Egypt plans to ban any "romantic" songs from playing during daytime and primetime hours on many local television channels, state-run newspaper Al-Ahram reported Thursday. Instead, the government will only allow "patriotic" music and other suitable nationalist tunes that are "worth broadcasting" to be played on the 23 state-owned networks as the country prepares to vote on a constitutional referendum this week.
The move is another example of how the government is tightening its grip on the media in anticipation of the Dec. 15 referendum vote that could result in the passage of a contentious new constitution pushed through the assembly by Islamist supporters of President Mohammed Morsi.

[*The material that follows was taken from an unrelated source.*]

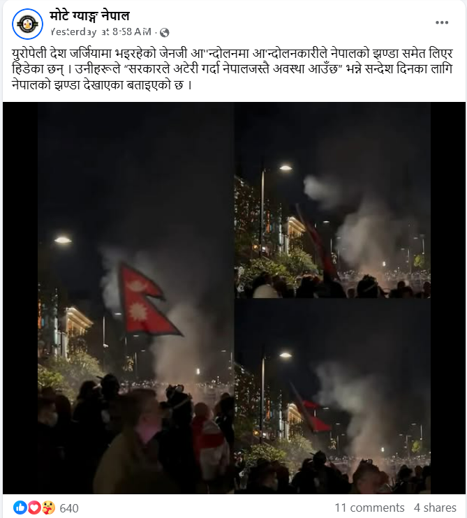 नेपालका अधिकांश फेसबुक पेजहरुले जर्जियामा पनि जेन जी आन्दोलन भएको दावी गरेका छन्।

Although "romantic" music will not be banned all together, it has been regulated to the early morning hours after 2 a.m., instead of playing in regular intervals between movies and TV shows. Other non-patriotic songs will also be excluded from broadcast because of the "sensitiveness of the political situation," the Star writes.
The upcoming vote has sparked a deep divide between Islamists who are expected to vote "yes" and the opposition, made up of secular and left-wing groups.
The Associated Press explains that while Egypt's opposition initially tried to boycott the referendum, the anti-Morsi camp is now urging followers to vote "no" and strike down the constitution drafted by the Islamist-led constituent. Opponents criticize the draft for undermining human rights, allowing religious authorities too much influence over legislation and restricting judicial independence.
Violent protests erupted three weeks ago when Morsi issued a decree that gave him sweeping powers, and "more blood" will likely be shed during the referendum, a leading opposition leader warned Thursday.